Unable to include sample document due to sensitive nature. If there any pointers for utilities that can further investigate the documents, let me know and I'll see what further information I can supply. A few of my documents are trying to perform an arraycopy with a length thats greater than the amount remaining in the stream buffer. File opens successfully in Word 2010, and may be older than a Word97 document. Documents likely has encoding from Hong Kong region. A couple produce the following Stack Trace (Daily Build) Caused by: java.lang.ArrayIndexOutOfBoundsException at java.lang.System.arraycopy(Native Method) at org.apache.poi.hwpf.model.TextPieceTable.<init>(TextPieceTable.java:108) at org.apache.poi.hwpf.model.ComplexFileTable.<init>(ComplexFileTable.java:70) at org.apache.poi.hwpf.HWPFOldDocument.<init>(HWPFOldDocument.java:71) at org.apache.tika.parser.microsoft.WordExtractor.parseWord6(WordExtractor.java:410) at org.apache.tika.parser.microsoft.WordExtractor.parse(WordExtractor.java:69) at org.apache.tika.parser.microsoft.OfficeParser.parse(OfficeParser.java:200) at org.apache.tika.parser.CompositeParser.parse(CompositeParser.java:242) More than a handful are caught earlier on and produce this stack trace: Caused by: java.lang.IllegalStateException: Told we're for characters 0 -> 6385, but actually covers 6373 characters! at org.apache.poi.hwpf.model.TextPiece.<init>(TextPiece.java:73) at org.apache.poi.hwpf.model.TextPieceTable.<init>(TextPieceTable.java:115) at org.apache.poi.hwpf.model.ComplexFileTable.<init>(ComplexFileTable.java:70) at org.apache.poi.hwpf.HWPFOldDocument.<init>(HWPFOldDocument.java:71) at org.apache.tika.parser.microsoft.WordExtractor.parseWord6(WordExtractor.java:410) at org.apache.tika.parser.microsoft.WordExtractor.parse(WordExtractor.java:69) at org.apache.tika.parser.microsoft.OfficeParser.parse(OfficeParser.java:200)

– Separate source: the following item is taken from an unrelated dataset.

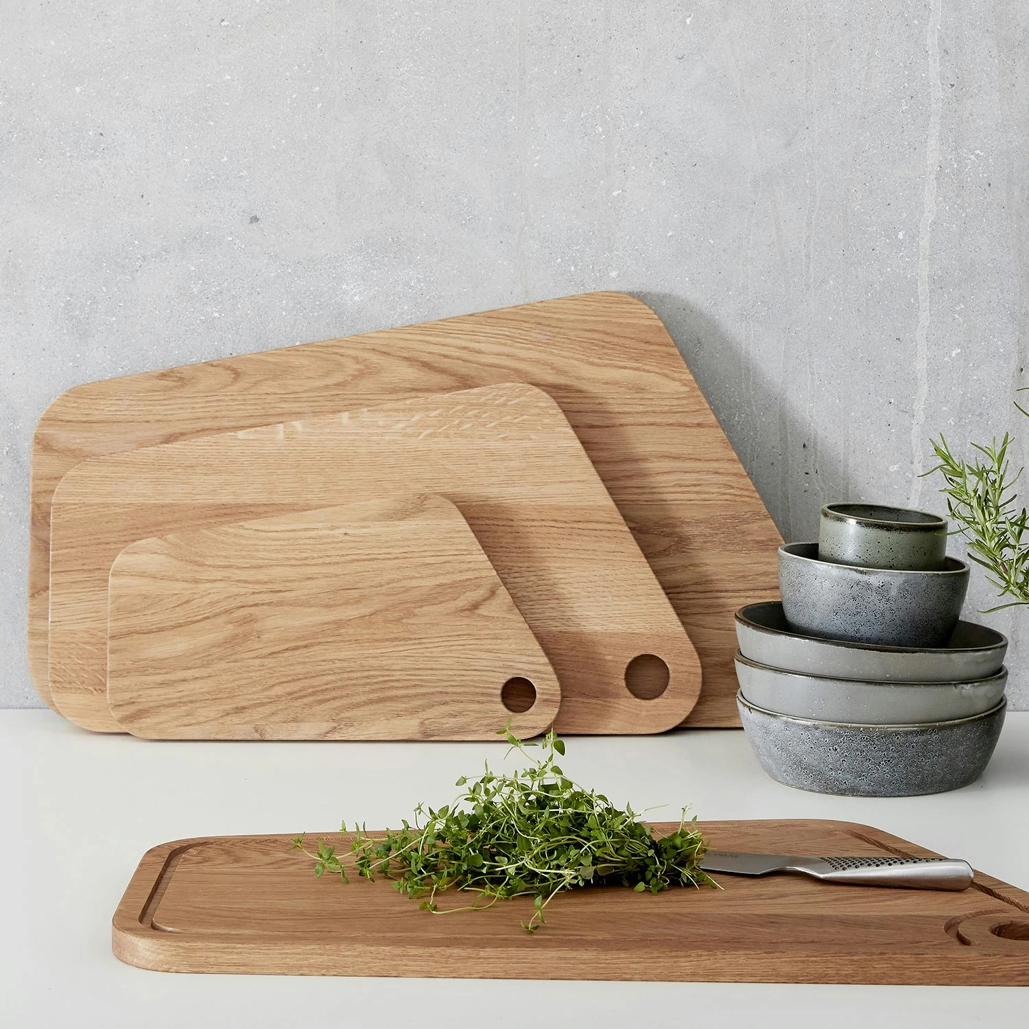 U3 chopping board from Andersen, designed by Anne Qvist. Functional chopping board with a gracious shape that also makes it an excellent serving board. The chopping board have a practical hole making it easy to handle and allows the chopping board to be stored on a hook, looks especially nice with the Andersen hook in oak. The chopping board is made of durable solid oak, making it both hygienic and suitable for using knives on it. Not dishwasher safe.

You can use the Binary File Format Validator to check files are valid, see http://poi.apache.org/faq.html#faq-N10109 Also, have you tried with a recent svn checkout / recent nightly build?
I'm currently using a nightly build now for pretty much all of my investigation, and have actually had a bit of luck with getting improvements submitted. The problem with many of these documents is that they are older versions of word likely from 1995-2001. And also have the possability of originating from Asian countries. The files aren't corrupt enough to the point where Word2010 can't open them... but thats not saying too much. I've encountered numerous header signature issues which I'm kind of avoiding all together since the largest % are from ~based files... though a few are able to be opened by word. I'll take a look at using the validator on a few of the files and see what I get in the next few days. BTW, thanks Nick for the help on the Outlook issue #51873 a week ago. If you get a chance can you revist my final msg there. There was a small bug in the patch you placed into the trunk for me. Thanks again. (In reply to comment #1) > You can use the Binary File Format Validator to check files are valid, see > http://poi.apache.org/faq.html#faq-N10109 > Also, have you tried with a recent svn checkout / recent nightly build?
Added link to bug 52349
This is a duplicate of Bug 50955 *** This bug has been marked as a duplicate of bug 50955 ***